---------- Data in this exercise

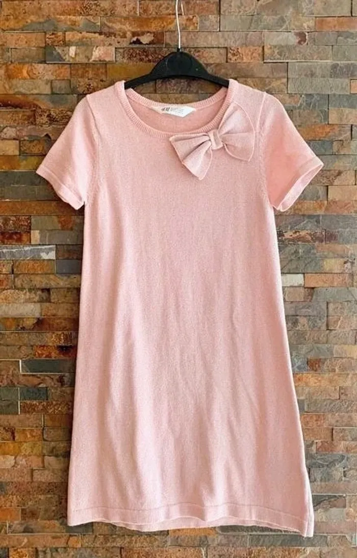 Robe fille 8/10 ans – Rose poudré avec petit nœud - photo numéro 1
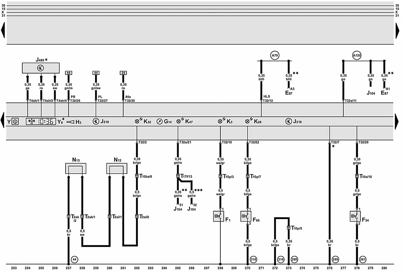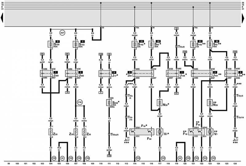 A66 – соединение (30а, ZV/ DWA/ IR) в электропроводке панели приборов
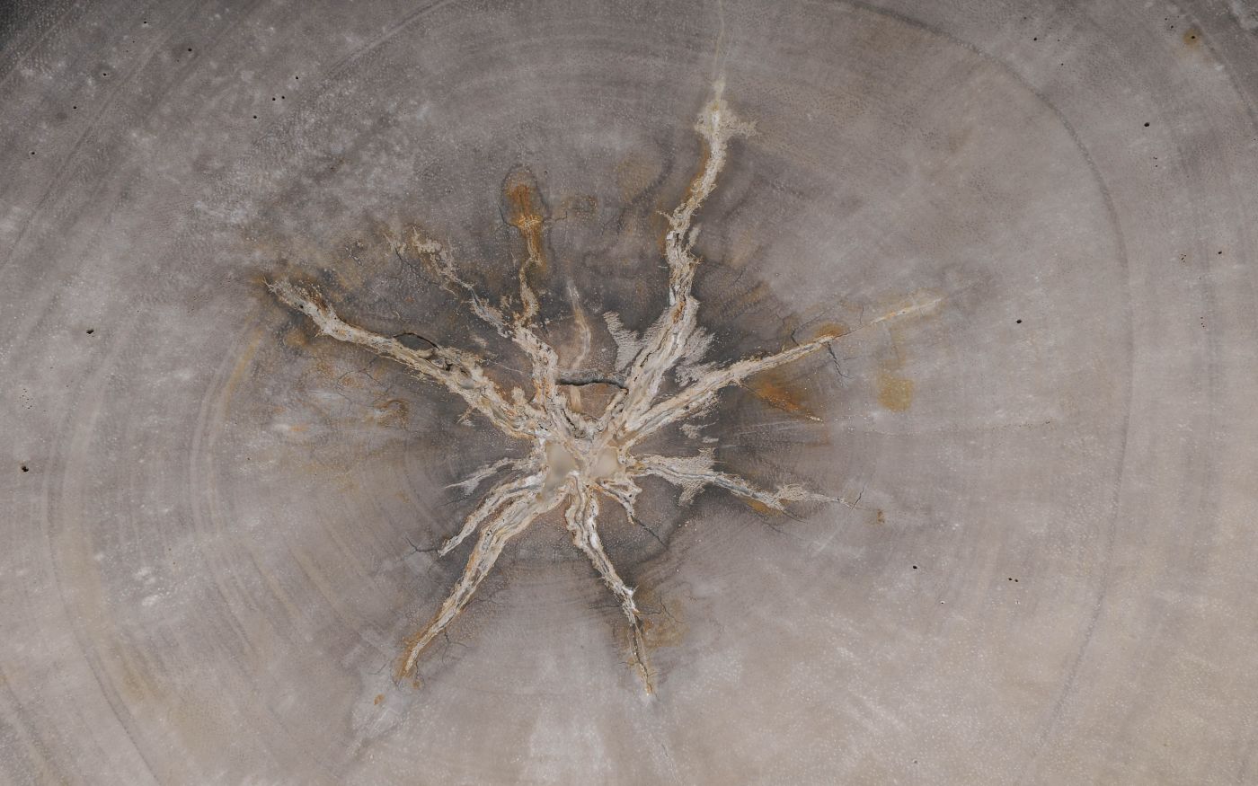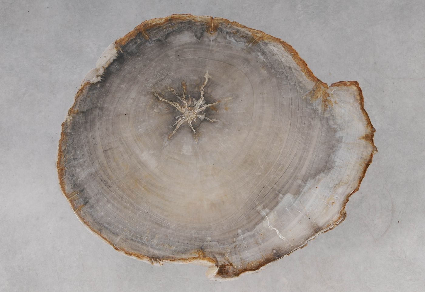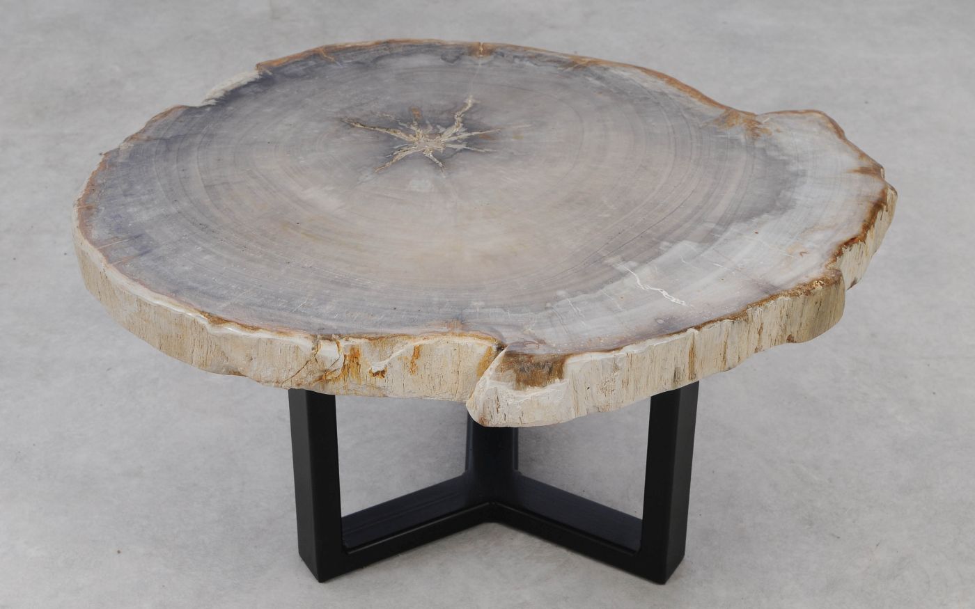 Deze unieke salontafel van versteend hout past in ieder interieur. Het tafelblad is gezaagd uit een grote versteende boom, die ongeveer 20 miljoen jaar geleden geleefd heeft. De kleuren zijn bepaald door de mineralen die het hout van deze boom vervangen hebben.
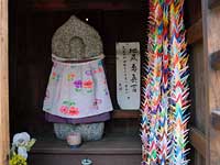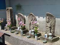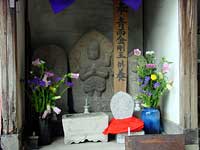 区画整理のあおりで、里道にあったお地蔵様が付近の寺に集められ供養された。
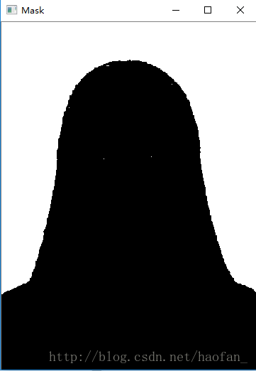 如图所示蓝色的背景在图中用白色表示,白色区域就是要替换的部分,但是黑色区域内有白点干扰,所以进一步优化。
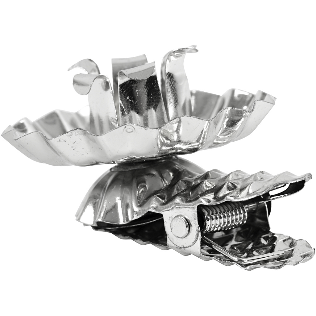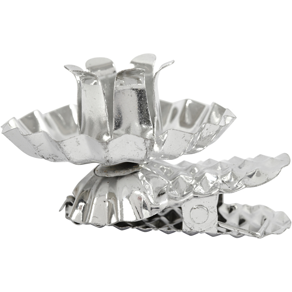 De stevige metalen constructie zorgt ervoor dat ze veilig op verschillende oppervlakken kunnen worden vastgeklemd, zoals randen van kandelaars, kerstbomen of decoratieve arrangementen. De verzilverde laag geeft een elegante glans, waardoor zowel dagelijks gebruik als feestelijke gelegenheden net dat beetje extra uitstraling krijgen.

--------------------

### Task to complete
From the line with "区画整理のあおりで、里道にあったお地蔵様が付近の寺に集められ供養された。" up to and including the line with "如图所示蓝色的背景在图中用白" above, retype every line exactly and nothing more; leave out the pictures.

### Response area
 区画整理のあおりで、里道にあったお地蔵様が付近の寺に集められ供養された。
 如图所示蓝色的背景在图中用白色表示,白色区域就是要替换的部分,但是黑色区域内有白点干扰,所以进一步优化。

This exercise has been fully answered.